I think he’s recognized his own mortality. He’s trying to come to grips with that. He’s not a young man certainly. I always say that Pride’s philosophy is he’s going to go through the door first because he’s the oldest guy in the group and he’s lived a good life.

I think having a daughter who’s a young woman now and [with the] potential to be in relationships and have children, I think that may give him more pause in terms of his own mortality.

Losing his dad was an interesting challenge for him because losing someone that he wasn’t particularly close with, particularly fond of, but still is his own flesh and blood, really struck him in a surprising way, and so I’m not sure that he’s dealt with that yet, as often times these things get pushed down, and there may be some of that ahead of him also.

(Patti Perret/CBS)

Speaking of his family, I’ve really liked Pride’s scenes with Jimmy and seeing him get to know his brother. What have you enjoyed most about those two?

First of all, Jason [Alan Carvell] is just a great actor and a really good guy to have around. I’ve loved that storyline from the moment it was pitched and we got the right actor.

It just opened Pride’s heart up in a different way, obviously in a way that he never, ever expected. I’m not an only child, but I know only children, and it just changes your world if you have a sibling around. I’ve really enjoyed his character and the position he’s taken in the show and how it’s affected Pride and also the team. He’s been welcomed.

It opens your heart up to Pride and the situation in a way that it was always about Pride and his dad and their struggle. We couldn’t find mom, we didn’t know where she was. We haven’t talked about her. It’s just been kind of a lonely deal for Pride. Now he’s got somebody else in the world. We deal with that in the last couple of episodes in some really nice ways.

On the topic of Pride’s mother, I saw that Joanna Cassidy has been cast to play her in the finale. I know you probably can’t say much, but what can you tease and can you talk about what she means to Pride, especially with everything he’s been through this year?

First of all, I have to say, casting Joanna Cassidy, obviously in real life she’s not old enough to play my mother, so that is part of the story that I’ll tease with that.

She’s kind of the missing link for Pride in terms of his heart and his heartbreak, and we’re going to use her in a very unusual way. But hopefully there’ll be more after this season with her and again, the road to finding his mother really opened up when he lost his dad.

All these things kind of snowball and affect each other. I think it’s been good storytelling, and I think the audience is going to be really surprised and delighted by her, for sure.

The series is coming back for Season 6. Is there anything on your bucket list for Pride you’d like to see sooner rather than later, given where he is right now in his life?

I’d like to do a little bit more music. We didn’t do a lot of music this year. I miss that.

(Sam Lothridge/CBS)

I think that the show’s going to be different in Season 6. I think it’s going to be a little bit less of the Apollyon kind of stories and more about getting back to the more local, more personal stories, and I think along with that, I’m hoping Pride will relax a little bit more in his life. That’s his bucket list.
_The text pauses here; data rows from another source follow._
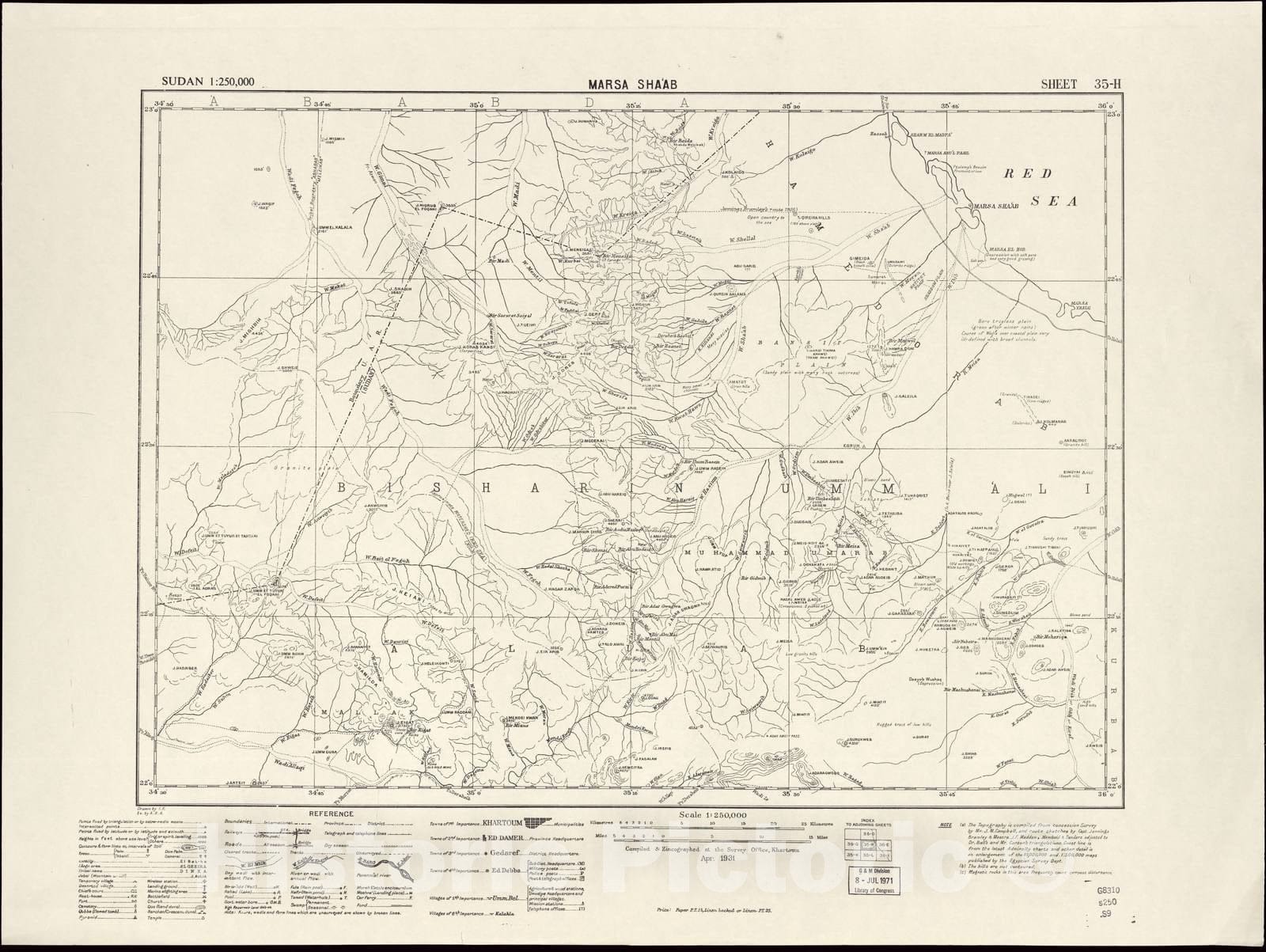 Historic 1909 Map - Sudan 1:250,000 - Mersa Shab Sheet 35-H Apr 1931 - Anglo-Egyptian Sudan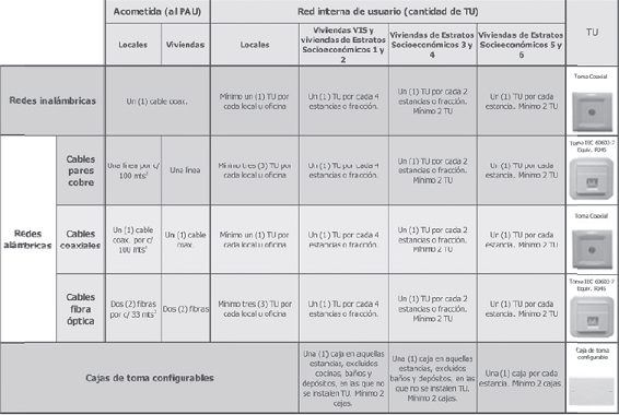 | Entre 21 y 40 | 6 | Un (1) ducto para cable coaxial Dos (2) ductos para cable multipar, par trenzado Un (1) ducto para F. O. Dos (2) ductos de reserva |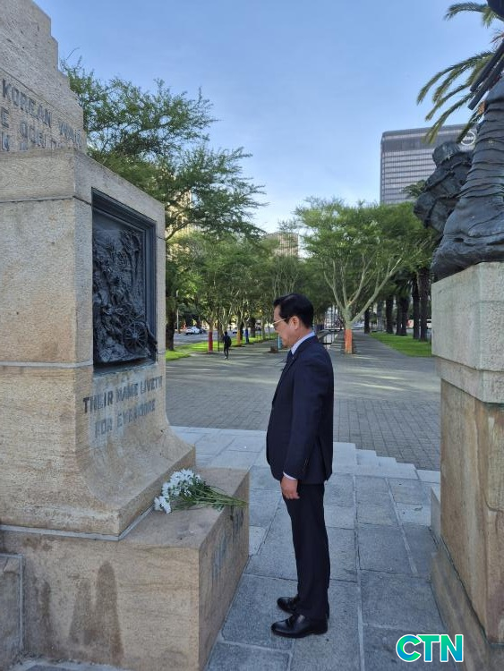 ÀÌ¾î ³²¾ÆÇÁ¸®Ä«°øÈ±¹À¸·Î ÀÚ¸®¸¦ ¿Å±ä ´ëÇ¥´ÜÀº °æÁ¦ °£´ãȸ¶ó´Â º» ÀÏÁ¤¿¡ ¾Õ¼ °¡Àå ¸ÕÀú 6¡¤25ÀüÀï ÂüÀü ±â³äºñ¸¦ ã¾Ò´Ù. ³²¾Æ°øÀº Çѱ¹ÀüÀï ´ç½Ã °ø±º ºÎ´ë¸¦ ÆÄ°ßÇØ ´ëÇѹα¹ÀÇ ÀÚÀ¯ ¼öÈ£¸¦ µµ¿î ÀüÅëÀûÀÎ Ç÷¸Í±¹ÀÌ´Ù. ±è ±ÇÇÑ´ëÇà°ú ´ëÇ¥´ÜÀº ÇåÈ¿Í ¹¬³äÀ» ÅëÇØ ¸Ó³ª¸Õ Ÿ±¹ ¶¥¿¡¼ ½º·¯Á®°£ ¿µ¿õµéÀÇ ³ÌÀ» ±â¸®¸ç °¨»çÀÇ ¸¶À½À» Ç¥Çß´Ù.

On the music note, is there anyone you’d like to see in the bar? I really enjoyed when they had Pride open the bar and bring in the music into New Orleans.

The list is endless. We’ve had so many wonderful local people down here. … We’re constantly looking for wonderful avenues for more people. I know a lot of people that want to do the show, so I’m excited.

The music is just too important in the show, and we want to keep pushing that and supporting the local music scene, which is the greatest on the planet. I’m happy that we can encourage that and recognize that and bring it to our audience.